In Exercises 9–16, find a basis for the eigenspace corresponding to each listed eigenvalue.

15.\(A = \left( {\begin{array}{*{20}{c}}4&2&3\\{ - 1}&1&{ - 3}\\2&4&9\end{array}} \right)\),\(\lambda = 3\)

Eigenvalue: Let \(\lambda \) is a scaler, \(A\) is an \(n \times n\) matrix and \({\bf{x}}\) is an eigenvector corresponding to \(\lambda \), \(\lambda \) is said to an eigenvalue of the matrix \(A\) if there exists a nontrivial solution \({\bf{x}}\) of \(A{\bf{x}} = \lambda {\bf{x}}\).

Eigenvector: For a \(n \times n\) matrix \(A\), whose eigenvalue is \(\lambda \), the set of a subspace of \({\mathbb{R}^n}\) is known as an eigenspace, where a set of the subspace of is the set of all the solutions of \(\left( {A - \lambda I} \right){\bf{x}} = 0\).

The given matrix is \(A = \left( {\begin{array}{*{20}{c}}4&2&3\\{ - 1}&1&{ - 3}\\2&4&9\end{array}} \right)\), where \(\lambda = 3\).

As, \(\lambda = 3\) are the eigenvalue of the matrix \(A\), so they satisfy the equation \(A{\bf{x}} = \lambda {\bf{x}}\).

For \(\lambda = 3\), solve \(\left( {A - \lambda I} \right){\bf{x}} = 0\), for which first evaluate \(\left( {A - \lambda I} \right)\).

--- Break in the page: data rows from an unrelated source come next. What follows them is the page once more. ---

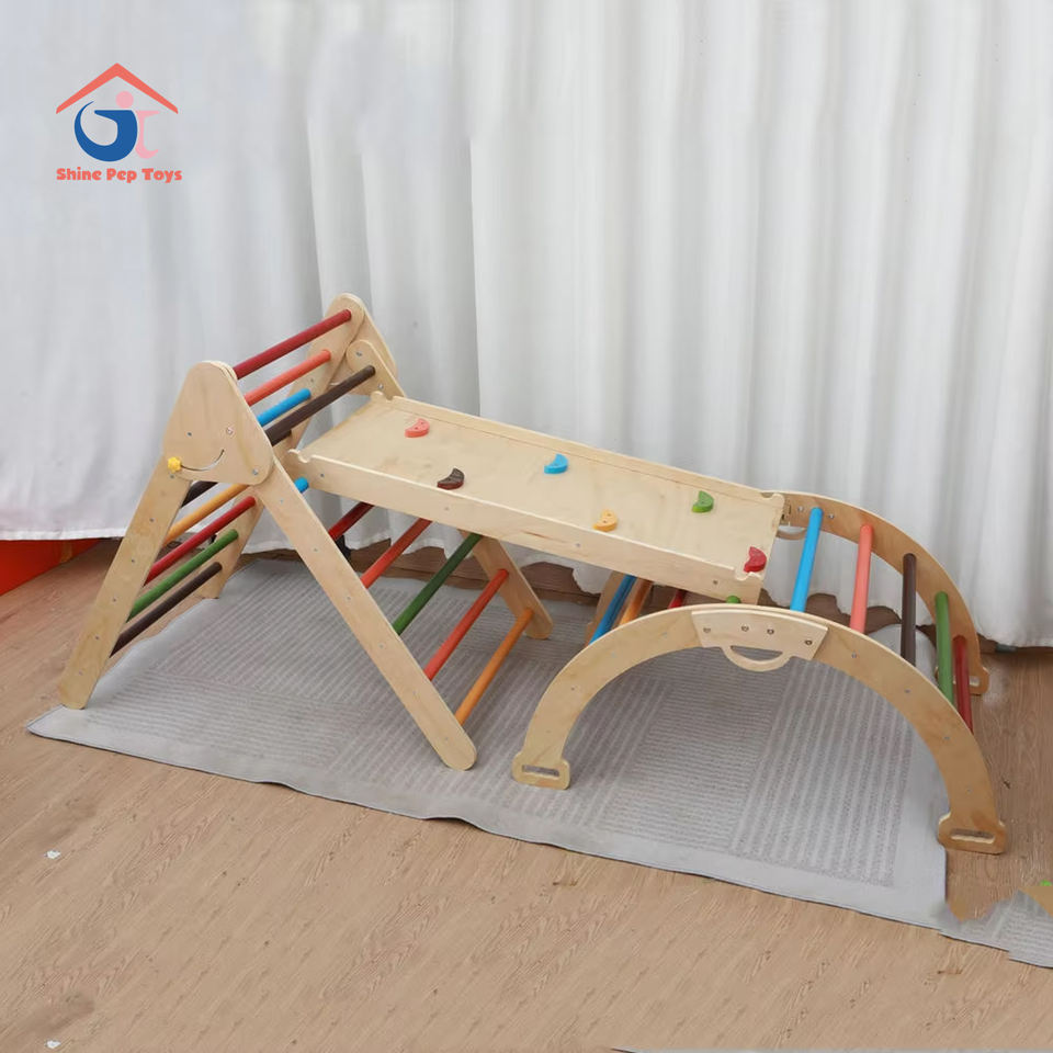 โครงปีนป่ายในร่มยอดนิยม โครงสร้างเล่นสามเหลี่ยมแบบมอนเตสซอรี่ที่ดีที่สุดสำหรับเด็กทารกอายุ 3 เดือน ชุดปิกลเลอร์ส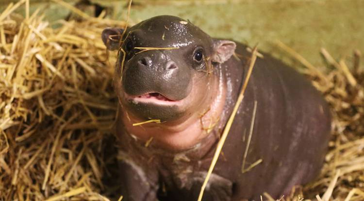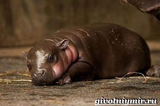 На фото детеныш бегемота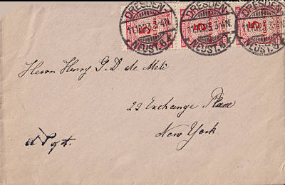 Auslandsbrief (1-20 g) vom 11.10.1923 frankiert mit 3 Marken a 5 Millionen Mark (=15 Millionen Mark)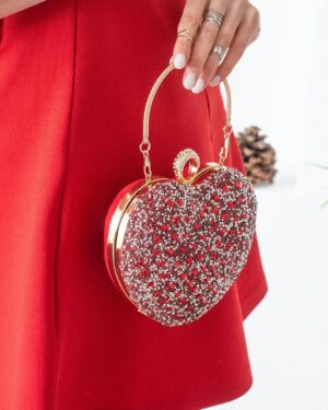 İmpolo Ella Kalp Taşlı Kırmızı Kadın Abiye El Çanta 19×20 Ebat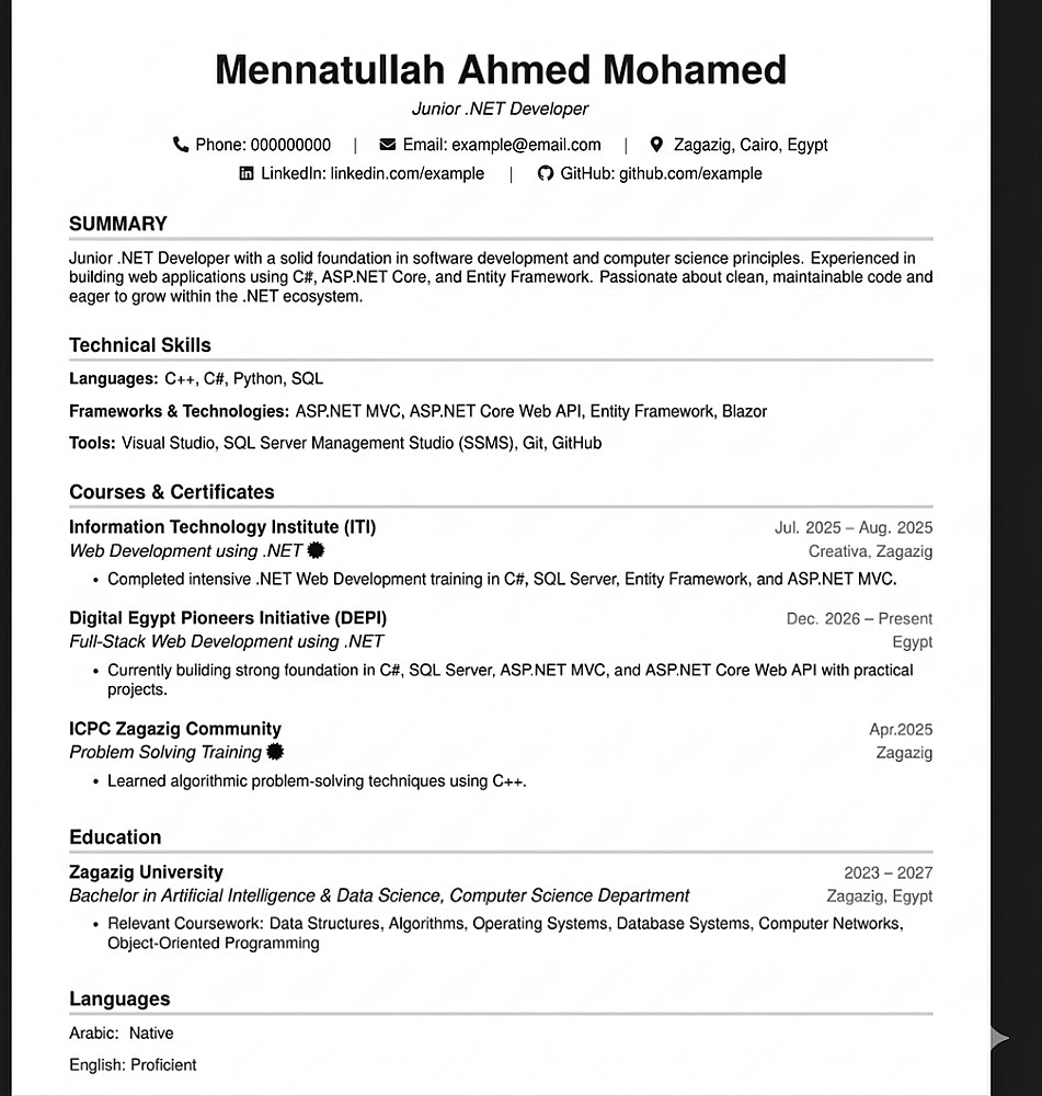 أقدّم لك خدمة تصميم سيرة ذاتية (CV / Resume) احترافية ومتوافقة مع أنظمة ATS التي تستخدمها الشركات لفحص السير الذاتية قبل وصولها لمسؤولي التوظيف.

\(\begin{array}{c}\left( {A - 3I} \right) = \left( {\begin{array}{*{20}{c}}4&2&3\\{ - 1}&1&{ - 3}\\2&4&9\end{array}} \right) - 3\left( {\begin{array}{*{20}{c}}1&0&0\\0&1&0\\0&0&1\end{array}} \right)\\ = \left( {\begin{array}{*{20}{c}}4&2&3\\{ - 1}&1&{ - 3}\\2&4&9\end{array}} \right) - \left( {\begin{array}{*{20}{c}}3&0&0\\0&3&0\\0&0&3\end{array}} \right)\\ = \left( {\begin{array}{*{20}{c}}1&2&3\\{ - 1}&{ - 2}&{ - 3}\\2&4&6\end{array}} \right)\end{array}\)

Write the obtained matrix in the form of an augmented matrix, where for \(A{\bf{x}} = 0\), the augmented matrix given by \(\left( {\begin{array}{*{20}{c}}A&0\end{array}} \right)\).

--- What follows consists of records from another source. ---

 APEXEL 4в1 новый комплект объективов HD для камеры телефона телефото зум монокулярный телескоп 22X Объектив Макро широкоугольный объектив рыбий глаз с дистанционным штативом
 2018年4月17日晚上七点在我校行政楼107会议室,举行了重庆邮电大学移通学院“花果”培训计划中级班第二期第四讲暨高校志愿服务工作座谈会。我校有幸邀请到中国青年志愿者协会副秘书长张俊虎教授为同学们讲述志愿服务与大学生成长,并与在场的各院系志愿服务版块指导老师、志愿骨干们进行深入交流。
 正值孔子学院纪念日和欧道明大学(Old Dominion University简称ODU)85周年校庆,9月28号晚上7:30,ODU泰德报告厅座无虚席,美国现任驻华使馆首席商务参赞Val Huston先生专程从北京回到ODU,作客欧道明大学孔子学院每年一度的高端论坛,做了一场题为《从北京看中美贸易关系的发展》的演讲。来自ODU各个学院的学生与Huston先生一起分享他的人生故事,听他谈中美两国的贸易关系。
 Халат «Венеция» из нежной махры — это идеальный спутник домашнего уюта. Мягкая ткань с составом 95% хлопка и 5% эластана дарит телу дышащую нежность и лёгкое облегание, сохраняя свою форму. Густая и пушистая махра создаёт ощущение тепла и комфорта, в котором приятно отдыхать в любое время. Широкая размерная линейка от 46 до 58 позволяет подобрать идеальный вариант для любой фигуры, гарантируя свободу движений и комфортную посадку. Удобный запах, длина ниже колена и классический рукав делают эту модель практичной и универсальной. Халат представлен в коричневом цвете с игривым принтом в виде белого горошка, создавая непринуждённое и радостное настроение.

\(\left( {\begin{array}{*{20}{c}}1&2&3&0\\{ - 1}&{ - 2}&{ - 3}&0\\2&4&6&0\end{array}} \right)\)

The obtained matrix is not in a reduced form, so reduce it in row echelon form by applying row operations.

\(\begin{gathered} \hfill \left( {\begin{array}{*{20}{c}} 1&2&3&0 \\ { - 1}&{ - 2}&{ - 3}&0 \\ 2&4&6&0 \end{array}} \right)\xrightarrow{{{R_2} \to {R_2} + {R_1}}}\left( {\begin{array}{*{20}{c}} 1&2&3&0 \\ 0&0&0&0 \\ 2&4&6&0 \end{array}} \right) \\ \hfill \xrightarrow({}){{{R_3} \to {R_3} - 2{R_1}}}\left( {\begin{array}{*{20}{c}} 1&2&3&0 \\ 0&0&0&0 \\ 0&0&0&0 \end{array}} \right) \\ \end{gathered} \)

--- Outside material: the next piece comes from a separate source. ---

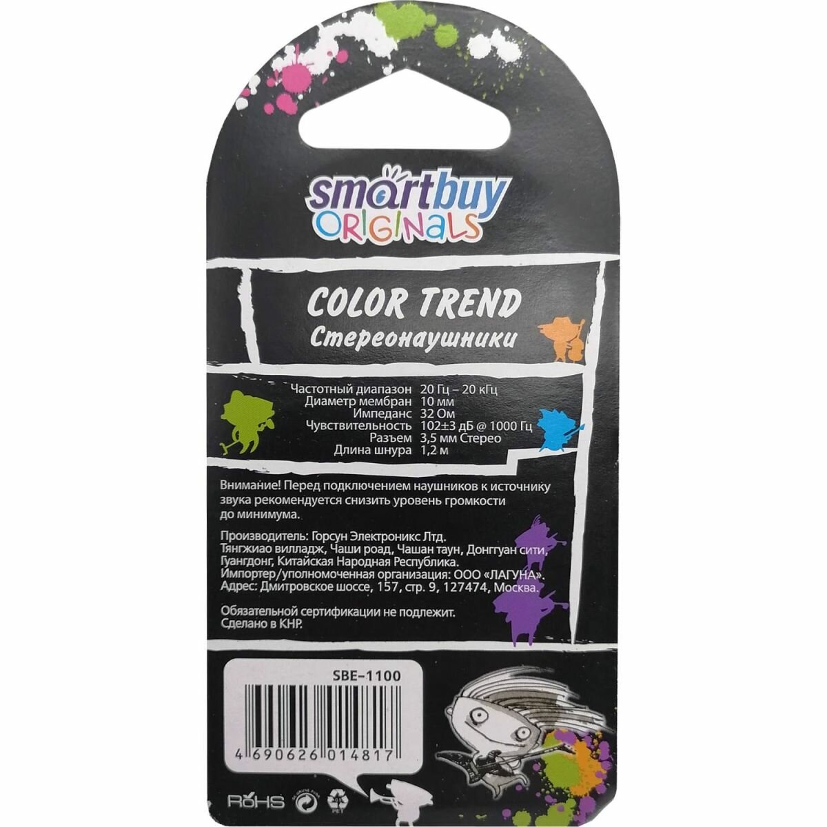 Наушники SmartBuy® COLOR TREND, провод 1.2м, черные (арт. SBE-1100)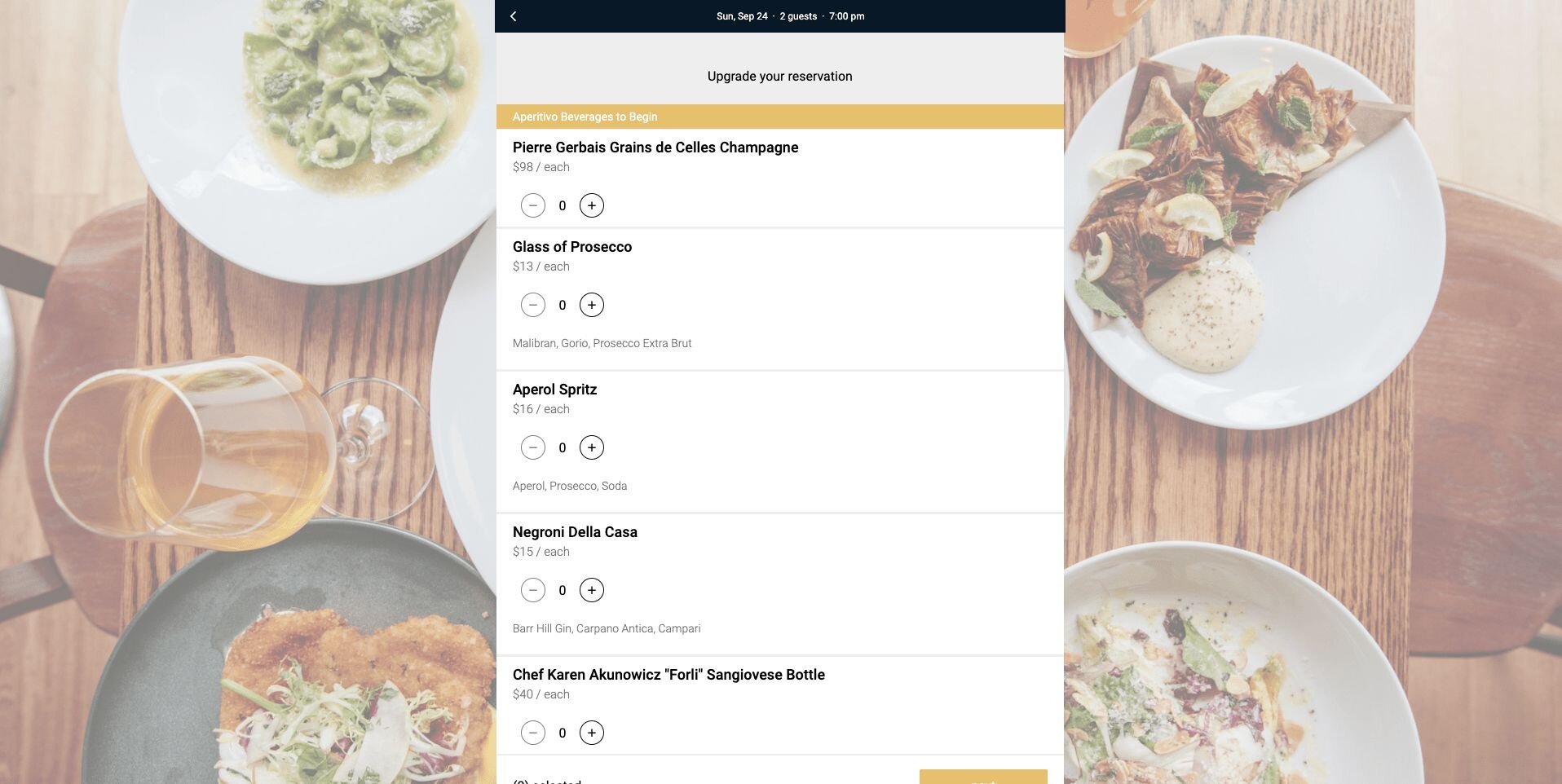 Chef Karen Akunowicz’ Italian enoteca has become one of the most popular spots on the Boston dining scene. Luckily, guests who are able to snag a reservation at this hard-to-book restaurant can toast their success with Champagne, spritzes and more, all available as prepaid upgrades available directly through the booking widget.

Write a system of equations corresponding to the obtained matrix.

\(\begin{array}{c}{x_1} + 2{x_2} + 3{x_3} = 0\\{x_2},{x_3},{\rm{ free variables}}\end{array}\)

As \({x_2},{x_3}\) are free variables, then;

\({x_1} = - 2{x_2} - 3{x_3}\)

So, the general solution is given as:

\(\left( {\begin{array}{*{20}{c}}{{x_1}}\\{{x_2}}\\{{x_3}}\end{array}} \right) = {x_2}\left( {\begin{array}{*{20}{c}}{ - 2}\\1\\0\end{array}} \right) + {x_3}\left( {\begin{array}{*{20}{c}}{ - 3}\\0\\1\end{array}} \right)\)

So, \(\left\{ {\left( {\begin{array}{*{20}{c}}{ - 2}\\1\\0\end{array}} \right),\left( {\begin{array}{*{20}{c}}{ - 3}\\0\\1\end{array}} \right)} \right\}\) is the basis for the eigenspace for \(\lambda = 3\).